Había ido al cuarto de baño, había
sacado todas las pastillas del armario y las había ido poniendo en
la mesa de la cocina por colores, por tamaños y por densidad. Pensó
que esa mezcla de barbitúricos, aspirinas, vitaminas, jarabe para
la tos, y ginebra, iba a ser suficiente para acabar con toda esa desazón
que le oprimía.
Poner fin a su vida después de
que Milagros se hubiera marchado con ese hombre, el maestro, como
ella lo llamaba, era lo más lógico. Sabía que no iba a ser capaz de
sufrir la humillación de despertarse cada mañana sin ella. La mujer
que había ocupado el centro de su vida hasta ese momento le había
dejado por un profesor de griego. Un hombre de letras, ilustrado.
El hombre que le iba a declinar día tras día el verbo «Lío». Ese verbo
tan raro que se escribía en otro alfabeto.

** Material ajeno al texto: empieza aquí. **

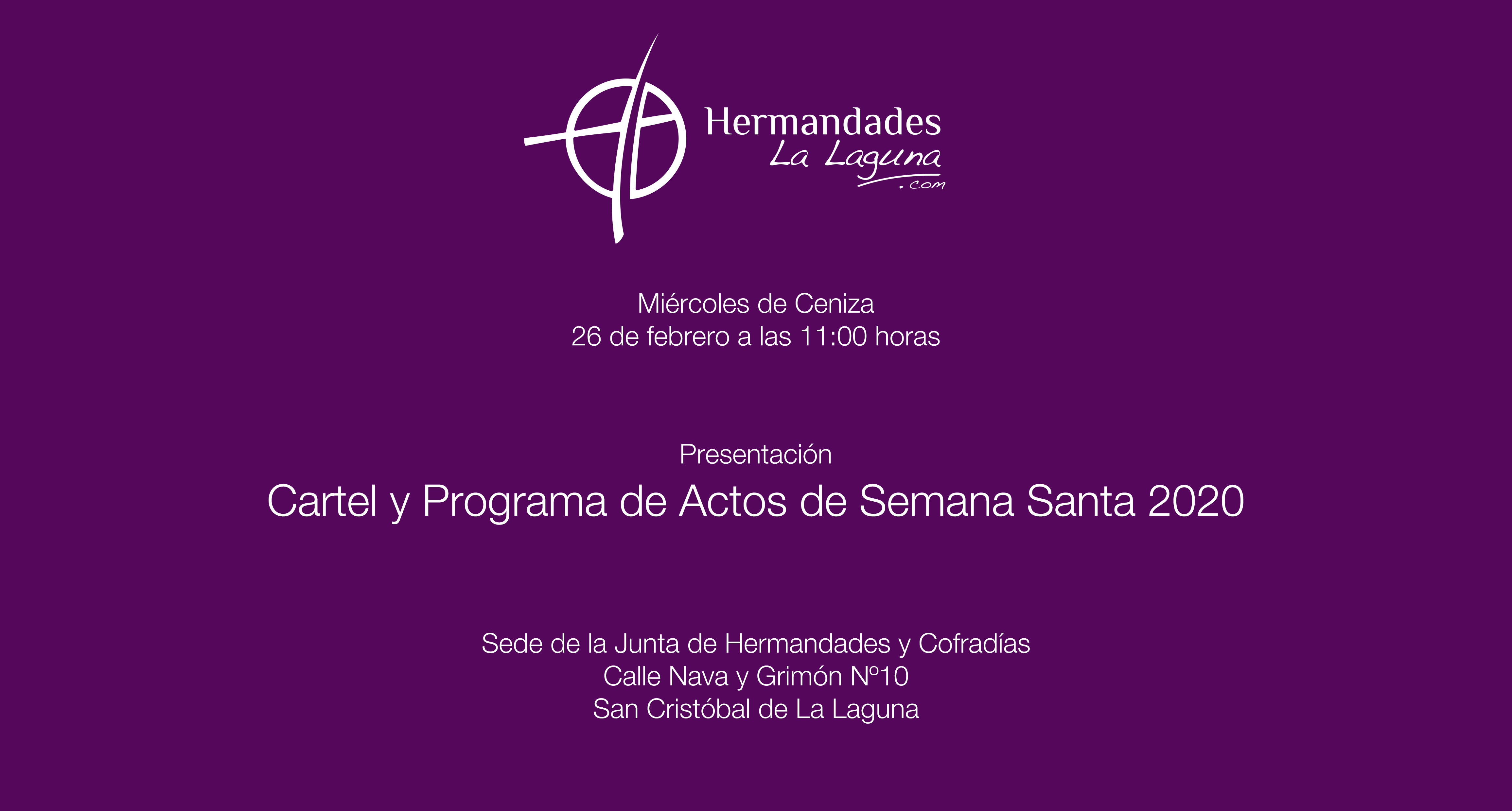 Hoy Miércoles de Ceniza tuvo lugar la presentación del cartel de Semana Santa de La Laguna 2020. El acto se celebró en la sede de la Junta de Hermandades y Cofradías de San Cristóbal de La Laguna, en donde también se dio a conocer la programación de actos de esta edición.

El que le iba a hablar
de Agamenón y de Aquiles noche tras noche mientras se fuese bebiendo
a sorbitos lentos su coca cola con ginebra. ¿Cómo iba a continuar
viviendo después de eso? ¿Cómo iba a poder levantarse por las mañanas
sabiendo que Milagros estaría desayunando café con magdalenas, mientras
el hombre de letras le podría estar recitando los versos más hermosos
de la Iliada o la Odisea?
Su muerte después de todo no sería
más que una trasgresión a la normalidad de sus vidas. Les recordaría
que no hay felicidad posible si se monta sobre la desgracia ajena.
Sólo su muerte lograría hacerles saber que él no había olvidado como
hacen otros. Confiaba que a partir de entonces las vidas de ellos
no iban a ser más que un continuo recuerdo de su fechoría.
Y fue entonces cuando se le ocurrió
la idea de escribir esa carta.
Mientras buscaba folios se imaginó
a Milagros desencajada cuando la llamaran para darle la noticia. «Ha
dejado una carta para usted. Una carta póstuma», le diría el juez.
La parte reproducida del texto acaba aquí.